Does the price of the magnets vary to any real extent? (i.e., if you want to change them or if you are winding your own pickups)

I did a search of the posts in this forum, but I'm trying to find a condensed tutorial type of thing specific to magnets.

Thanks...much appreciated !

Dave
 
Re: So many magnets, so little knowledge

Well, as far as i know:

Alnico 2 magnets give the pickup a sweeter, warmer, more midrangy tone with a looser bottom end. It also gives the pickup less output.

Alnico 5 magnets sounds brigther, "harder" and punchier than Alnico 2 magnets. They are also tigther in the bottom end, and give more output.

Ceramic magnets are the brigthest, with the most output. They tend to give the pickup an agressive tone.

There are also Alnico (shortened to "A") 3 magnets, A4 magnets, and i've also heard of people using the whole range up to A8.

I'm not a guru myself, but i hope that i've been a little helpful!

-Erlend
 
Re: So many magnets, so little knowledge

Thanks Erland..that helps a lot!

I also enjoyed learing about "the meaning of life".....COOL

Dave
 
Re: So many magnets, so little knowledge

Erlend_G said:
Well, as far as i know:

Alnico 2 magnets give the pickup a sweeter, warmer, more midrangy tone with a looser bottom end. It also gives the pickup less output.

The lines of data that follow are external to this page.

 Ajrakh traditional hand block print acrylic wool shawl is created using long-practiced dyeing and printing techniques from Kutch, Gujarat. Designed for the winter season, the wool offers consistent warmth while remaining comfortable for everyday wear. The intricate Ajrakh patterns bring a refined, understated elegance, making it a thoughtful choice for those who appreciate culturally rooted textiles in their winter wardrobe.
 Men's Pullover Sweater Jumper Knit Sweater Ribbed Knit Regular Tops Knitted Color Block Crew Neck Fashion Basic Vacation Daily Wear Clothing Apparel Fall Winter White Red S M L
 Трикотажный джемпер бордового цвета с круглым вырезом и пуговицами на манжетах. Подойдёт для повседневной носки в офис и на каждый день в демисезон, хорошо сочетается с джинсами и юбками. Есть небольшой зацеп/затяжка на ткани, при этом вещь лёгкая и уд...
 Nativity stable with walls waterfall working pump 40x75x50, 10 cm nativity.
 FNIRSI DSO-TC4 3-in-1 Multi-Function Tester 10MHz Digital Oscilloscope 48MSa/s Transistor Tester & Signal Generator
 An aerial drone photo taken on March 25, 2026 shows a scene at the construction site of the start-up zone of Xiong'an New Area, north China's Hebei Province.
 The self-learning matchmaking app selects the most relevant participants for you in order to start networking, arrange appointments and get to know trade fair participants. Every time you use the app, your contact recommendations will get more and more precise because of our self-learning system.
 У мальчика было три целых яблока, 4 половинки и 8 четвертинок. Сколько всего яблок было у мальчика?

Alnico 5 magnets sounds brigther, "harder" and punchier than Alnico 2 magnets. They are also tigther in the bottom end, and give more output.

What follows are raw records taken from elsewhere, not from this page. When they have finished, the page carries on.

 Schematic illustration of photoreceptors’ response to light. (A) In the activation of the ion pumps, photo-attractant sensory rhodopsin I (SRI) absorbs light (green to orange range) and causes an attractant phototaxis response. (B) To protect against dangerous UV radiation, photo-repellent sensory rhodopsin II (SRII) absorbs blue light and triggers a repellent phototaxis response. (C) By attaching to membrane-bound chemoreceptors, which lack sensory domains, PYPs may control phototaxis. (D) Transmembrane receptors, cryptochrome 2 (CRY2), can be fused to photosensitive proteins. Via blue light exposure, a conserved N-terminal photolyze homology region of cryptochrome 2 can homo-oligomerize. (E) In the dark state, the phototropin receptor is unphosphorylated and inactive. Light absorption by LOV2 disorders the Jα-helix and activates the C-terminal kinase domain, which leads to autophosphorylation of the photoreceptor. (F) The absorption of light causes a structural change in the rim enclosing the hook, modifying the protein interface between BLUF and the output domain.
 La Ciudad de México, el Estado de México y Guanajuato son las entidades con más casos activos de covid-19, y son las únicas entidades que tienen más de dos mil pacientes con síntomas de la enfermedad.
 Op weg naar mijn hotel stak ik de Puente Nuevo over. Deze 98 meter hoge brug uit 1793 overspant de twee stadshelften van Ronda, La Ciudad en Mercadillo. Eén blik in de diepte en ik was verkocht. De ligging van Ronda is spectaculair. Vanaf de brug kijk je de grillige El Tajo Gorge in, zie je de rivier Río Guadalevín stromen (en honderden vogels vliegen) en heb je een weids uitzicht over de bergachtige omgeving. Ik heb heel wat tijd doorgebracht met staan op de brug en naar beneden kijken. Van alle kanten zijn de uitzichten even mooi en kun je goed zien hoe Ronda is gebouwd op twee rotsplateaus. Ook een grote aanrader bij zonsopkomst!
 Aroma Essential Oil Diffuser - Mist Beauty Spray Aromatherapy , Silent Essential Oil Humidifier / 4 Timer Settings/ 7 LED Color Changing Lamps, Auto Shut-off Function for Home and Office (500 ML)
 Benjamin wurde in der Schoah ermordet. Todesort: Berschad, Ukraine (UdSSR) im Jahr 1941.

Ceramic magnets are the brigthest, with the most output. They tend to give the pickup an agressive tone.

There are also Alnico (shortened to "A") 3 magnets, A4 magnets, and i've also heard of people using the whole range up to A8.

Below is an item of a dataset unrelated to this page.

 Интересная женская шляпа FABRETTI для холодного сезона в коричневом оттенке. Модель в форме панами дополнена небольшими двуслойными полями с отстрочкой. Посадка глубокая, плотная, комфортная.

I'm not a guru myself, but i hope that i've been a little helpful!

-Erlend
that was a very nice crash course on magnets, and pretty accurate i would say too. I know theres a great explanation in the support section of the SD website that goes into greater detail.
 
Re: So many magnets, so little knowledge

One more thing . . . in a single coil, the magnets are the pole pieces. There would be six of them in a normal single coil. On a humbucker, the magnet is a single bar that lays underneath the two coils, with one end facing the screw coil, and the other end facing the stud coil. Not sure which end is north or south in a Duncan pup.

In P90's, there are two bar magnets that face with like poles end to end under the pole pieces. (I think.)
 
Re: So many magnets, so little knowledge

ArtieToo said:
One more thing . . . in a single coil, the magnets are the pole pieces. There would be six of them in a normal single coil. On a humbucker, the magnet is a single bar that lays underneath the two coils, with one end facing the screw coil, and the other end facing the stud coil. Not sure which end is north or south in a Duncan pup.
One exeption is the stag mag which uses rod like on single coils magnets too.